Never tomahawk, lantern, and spyglass.
Always lantern, spyglass, tomahawk.

You could never tell when you would need them,
but that was the order you would need them in.

On my desk: pencils at attention in a cup,
foreign coins stacked by size,

a photograph of my parents,
and under the heavy green blotter,
a note from a girl I was fond of.

These days I like to stack in pyramids
the cans of soup in the pantry
and I keep the white candles in rows like logs of wax.

And if I can avoid doing my taxes
or phoning my talkative aunt
on her eighty-something birthday,

I will use a ruler to measure the space
between the comb and brush on the dresser,
the distance between shakers of salt and pepper.

Today, for example, I will devote my time
to lining up my shoes in the closet,
pair by pair in chronological order

and lining up my shirts on the rack by color
to put off having to tell you, dear,
what I really think and what I now am bound to do.

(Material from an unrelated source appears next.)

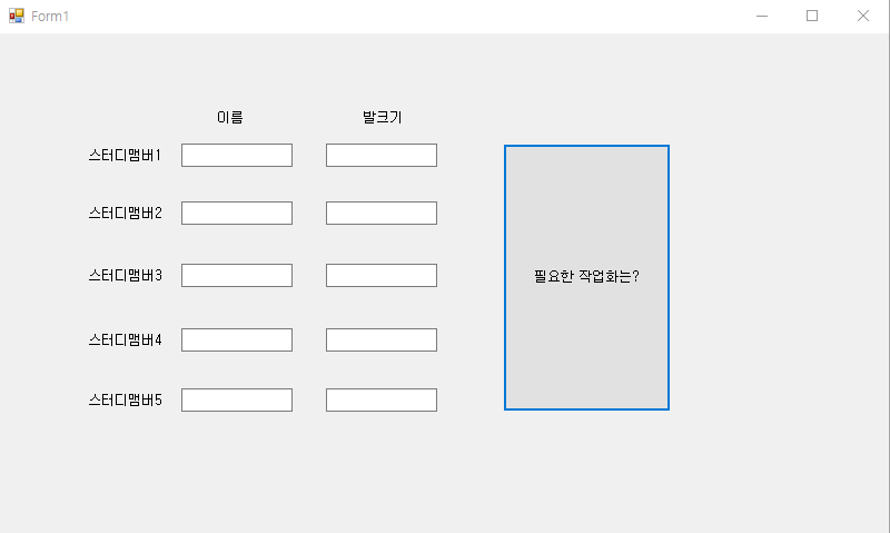 ***숙제 : 위 숙제 같은 형태의 폼을 만들고 필요한 작업화 버튼을 눌렀을때 아래 형태로 출력할것

There are quite a few references to Dante’s The Divine Comedy in these poems, reflecting the journey through hell, purgatory, and paradise.  There are slivers of light from paradise and there are moments of fiery hell, but most of these poems live in the present or the past, examining with understanding, reverence, and sometimes regret that the actions we take in this life cannot be undone.  But Collins also touches upon the tightrope we must walk in relationships with our loved ones.

Overall, Horoscopes for the Dead by Billy Collins is a collection of reflections and predictions for the future, but beyond the attention paid to larger concerns of life, Collins reflects on the smaller moments in time and the joys, frustration, and satisfaction they bring.  A fascinating look at everyday life that makes each moment extraordinary, and a collection that should be added to every library.

 

This is my 14th book for the Fearless Poetry Exploration Reading Challenge.

 

This is my 13th book for the 2011 Wish I’d Read That Challenge.  I’ve wanted to read this since I learned Collins would have a new book this year.